Lessons in Gratitude Day 531

It feels like it’s been a long day, though I wasn’t at work and really didn’t have much to do today. I think it is post-Christmas let-down. My daughter and I spent a semi-lazy morning before going out for lunch then heading to the airport where I would put her on a plane back West. Was she really here for almost three weeks? Of course she spent the first week she was here laid up sick with strep throat, then the rest of her visit went so fast we could scarcely believe it was over. Although the time felt short, I am glad to have had her with me over these days. She was able to spend time in my house, reconnect with the dog, come to work with me, spend time with her aunties, and see first hand where I have settled and that I am alright. I am grateful for that.

Tomorrow will be a relatively quiet day. After all the hubbub of the holidays the sudden return to relative solitude will probably feel a little odd at first. I have some cleaning and organizing to do–my office is still laden with boxes and my desktop is a mess. In the process of getting the spare room ready for Michal’s habitation, I hastily tossed a number of things into my office. Now both rooms are messy and in need of serious straightening and dejunking. I have a lot of things I need to put in order as the year ends and 2013 begins. But I have to laugh somewhat ruefully as I write this because part of me wants to spend the next few days doing absolutely nothing.

I am grateful for these next few days when I don’t have to go to work. While there are plenty of things I could be doing and an even larger number of things I should be doing, the possibility remains that, for tomorrow at least, I won’t do any of them. Not a single one. We shall see. I’ve spent the better part of my life doing the right thing, doing what I was supposed to do, doing what was expected of me. And for the most part that has been a good thing. Still, I am grateful for those times when I haven’t lived my life by the shoulds and have instead listened to the distant beat of my own drummer and done my own thing. It hasn’t always been easy, and there have been consequences when I’ve chosen to go my own way in opposition to conventional wisdom. But I know that these are all threads woven throughout the tapestry of my life; to remove one thread is to change the richness of my life. Each thread adds it’s own color and texture to the pattern of my life, it is vibrant and dynamic.

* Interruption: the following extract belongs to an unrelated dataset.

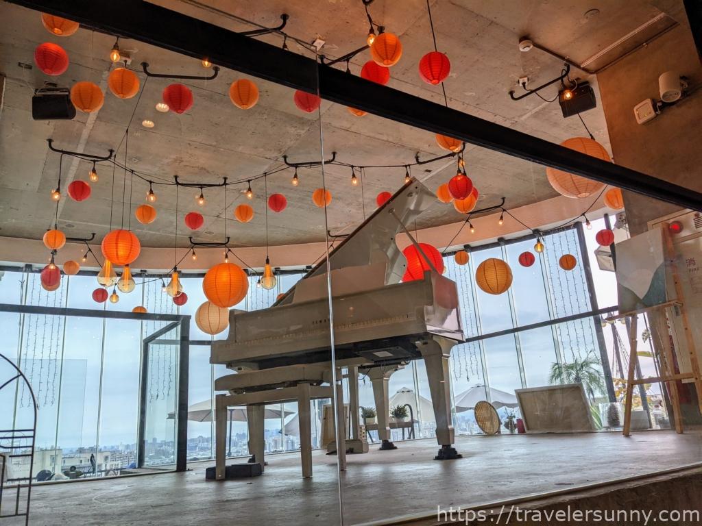 現場也放置了一台平台式鋼琴,似乎平時是有人會現場表演駐唱的,不過可能因為當天不曉得是因為年節時候,還是因為我們到達的時候是下午時段,可惜沒有遇到表演,希望下次有機會前來是能在這看夜景,聽表演和另一半好好浪漫一下ε٩(๑> ₃ <)۶з

So I look forward to the next few days. I hope to balance my need to get some constructive and practical things done with my desire to do something whimsical and fun like putting together my race car set that hasn’t been out of the box in a few years and zipping  the cars around the track. Or perhaps I’ll get out one of the jigsaw puzzles I’ve had for years and have never finished putting together. Or, I’ll work on my novel. The possibilities are so many that it would be easy to get overwhelmed and end up doing nothing. That would be quite sad and I’m determined to get to the end of my holiday break from work and say, “Wow, I’m glad I did that. It was fun.” We’ll see how it goes. I’ll be sure to report back.